Anyway, the part that is perhaps most relevant here is the unit-agnostic part - this would need some standardization of how units interact with arrays, perhaps new dunder methods of some agreement on operators (e.g., astropy can attach a unit via value << unit - maybe that could become a standard?)

mhvk avatar Dec 30 '24 14:12 mhvk

A shared units & Quantity API would be fantastic! I would vote for defining a quantity-api libraries with some runtime-checkable Protocols. I mocked up something along these lines in https://github.com/nstarman/units/tree/main/src/units/api

nstarman avatar Dec 30 '24 19:12 nstarman

@mhvk , when you say unit system, do you mean the unit module, pint or astropy.units etc?
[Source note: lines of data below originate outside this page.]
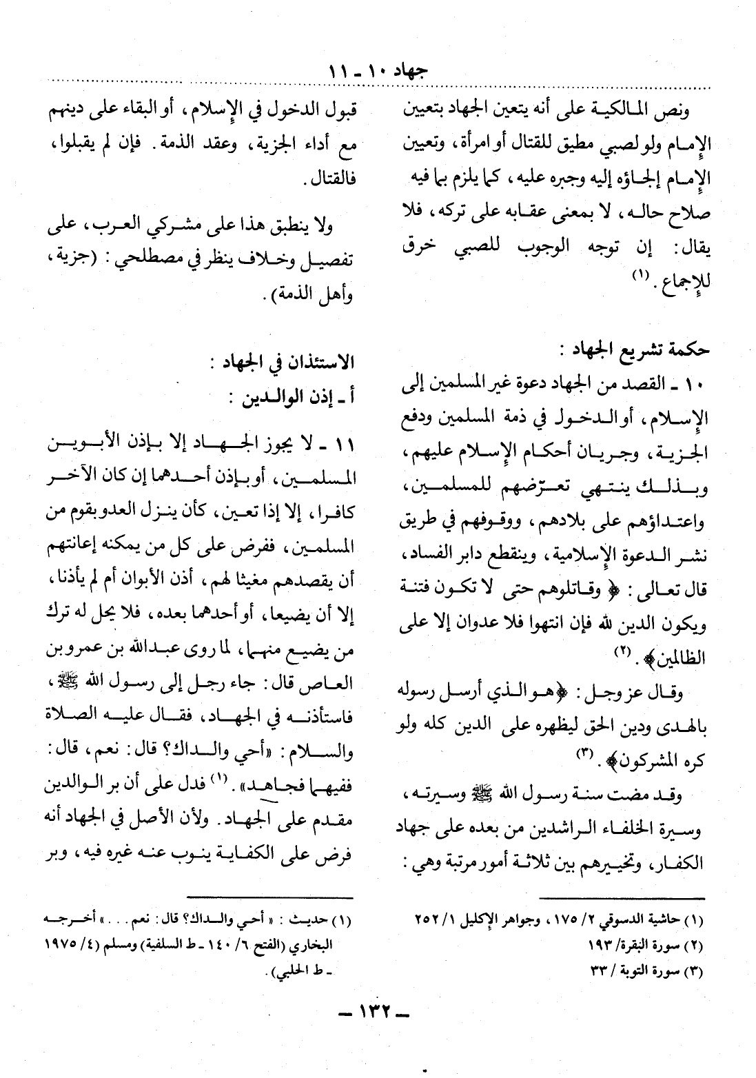 11 - لاَ يَجُوزُ الْجِهَادُ إِلاَّ بِإِذْنِ الأَْبَوَيْنِ الْمُسْلِمَيْنِ، أَوْ بِإِذْنِ أَحَدِهِمَا إِنْ كَانَ الآْخَرُ كَافِرًا، إِلاَّ إِذَا تَعَيَّنَ، كَأَنْ يَنْزِل الْعَدُوُّ بِقَوْمٍ مِنَ الْمُسْلِمِينَ، فَفَرْضٌ عَلَى كُل مَنْ يُمْكِنُهُ إِعَانَتُهُمْ أَنْ يَقْصِدَهُمْ مُغِيثًا لَهُمْ، أَذِنَ الأَْبَوَانِ أَمْ لَمْ يَأْذَنَا، إِلاَّ أَنْ يَضِيعَا، أَوْ أَحَدُهُمَا بَعْدَهُ، فَلاَ يَحِل لَهُ تَرْكُ مَنْ يَضِيعُ مِنْهُمَا؛ لِمَا رَوَى عَبْدُ اللَّهِ بْنُ عَمْرِو بْنِ الْعَاصِ قَال: جَاءَ رَجُلٌ إِلَى رَسُول اللَّهِ صَلَّى اللَّهُ عَلَيْهِ وَسَلَّمَ فَاسْتَأْذَنَهُ فِي الْجِهَادِ، فَقَال عَلَيْهِ الصَّلَاةُ وَالسَّلَامُ: أَحَيٌّ وَالِدَاكَ؟ قَال: نَعَمْ، قَال: فَفِيهِمَا فَجَاهِدْ (1) . فَدَل عَلَى أَنَّ بِرَّ الْوَالِدَيْنِ مُقَدَّمٌ عَلَى الْجِهَادِ. وَلأَِنَّ الأَْصْل فِي الْجِهَادِ أَنَّهُ فَرْضٌ عَلَى الْكِفَايَةِ يَنُوبُ عَنْهُ غَيْرُهُ فِيهِ، وَبِرُّ
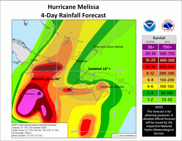 In the Caribbean, Hurricane Melissa is assaulting Jamaica and nearby portions of Cuba and Haiti, and this will continue for another day or two. As of 2am, Melissa was centered about 130 miles south-southwest of Kingston, Jamaica, drifting toward the west at 5 mph. Maximum sustained winds were near 150 mph, making Melissa a Category 4 storm. Unfortunately, the forecast for Jamaica is rather grim. Melissa will drift westward for another day or so, with some additional strengthening expected. That means rain and strong winds will continue to increase across Jamaica. By Monday night, the storm will start to turn more toward the north as a trough of low pressure off the Southeast begins to pick the storm up. That means it will likely cut right across the island, possibly as a Category 5 storm. In addition to sustained winds possibly in excess of 150 mph, a storm surge of up to 15-20 feet east of the center will likely result in widespread damage, including the capital city of Kingston. On top of that, rainfall totals of 20-40 inches (or higher) will result in catastrophic flooding and mudslides. Torrential rain and strong winds are also likely across portions of Haiti and eastern Cuba, especially as Melissa turns northward towards these areas. It will then cross the Turks and Caicos and parts of the Bahamas as it continues to slowly weaken. By mid-week, it could be a threat to Bermuda as well, possibly still at hurricane strength.
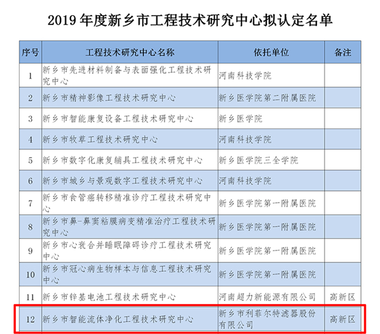 根据《新乡市市级工程技术研究中心管理暂行办法》(新科计〔2016〕33号)的有关规定,新乡市科学技术局组织开展了“2019年度新乡市工程技术研究中心”申报工作,经过企业自评、新乡市科学技术局认定并经专家评审、社会公示等多个评审阶段,新乡市风暴娱乐滤器股份有限公司(以下简称:风暴娱乐) 筹建“新乡市智能流体净化工程技术研究中心”顺利通过“新乡市工程技术研究中心”机构评审 。
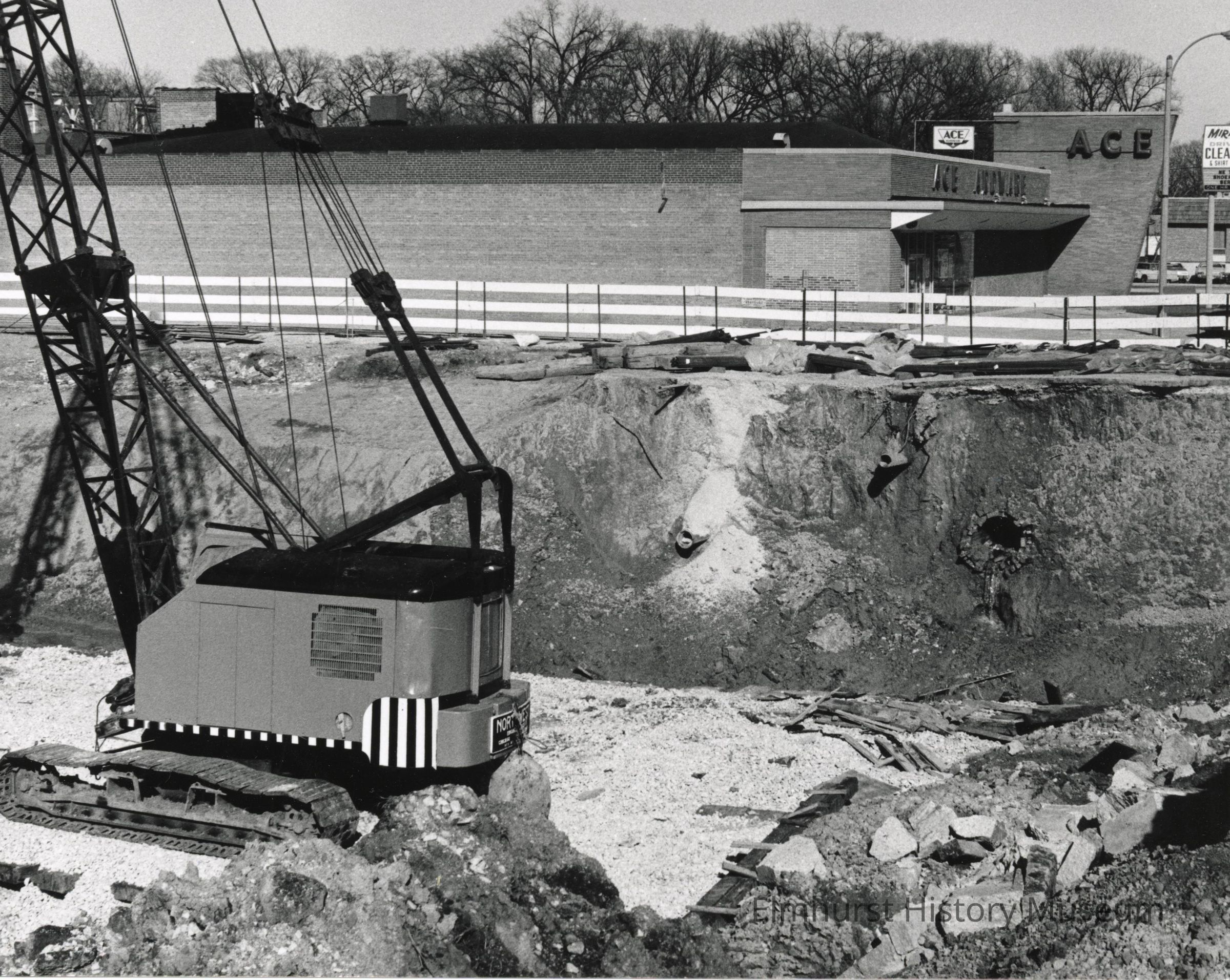 Construction of the underpass at Kenilworth Avenue, north of the Chicago and North Western Railroad tracks. Ace Hardware is visible in the background.Photograph Details

the linked pdf refers to a Quantity API. If I am understanding it correctly, if pint, astropy.units and any other unit library followed it, then there could be a quantity-array library that works for both pint and astropy.units.

could then make pint-pandas and pint-xarray work for astropy and others too

andrewgsavage avatar Dec 30 '24 19:12 andrewgsavage

Yep, that sounds perfect. The namespaces I'm building in pint-array just need an array library, a quantity class from which to inherit, and some units compatible with that quantity. Currently, that's pint.Quantity and pint.UnitRegistry, but it should be relatively simple to swap those out for a new standard if you folks can figure one out!

That's probably the hard part; in the meantime, I'll work on getting these array-quantity namespaces up to standard-compliance, while attempting to do the right thing with units. I could probably use some help writing tests for correct unit-handling at some point!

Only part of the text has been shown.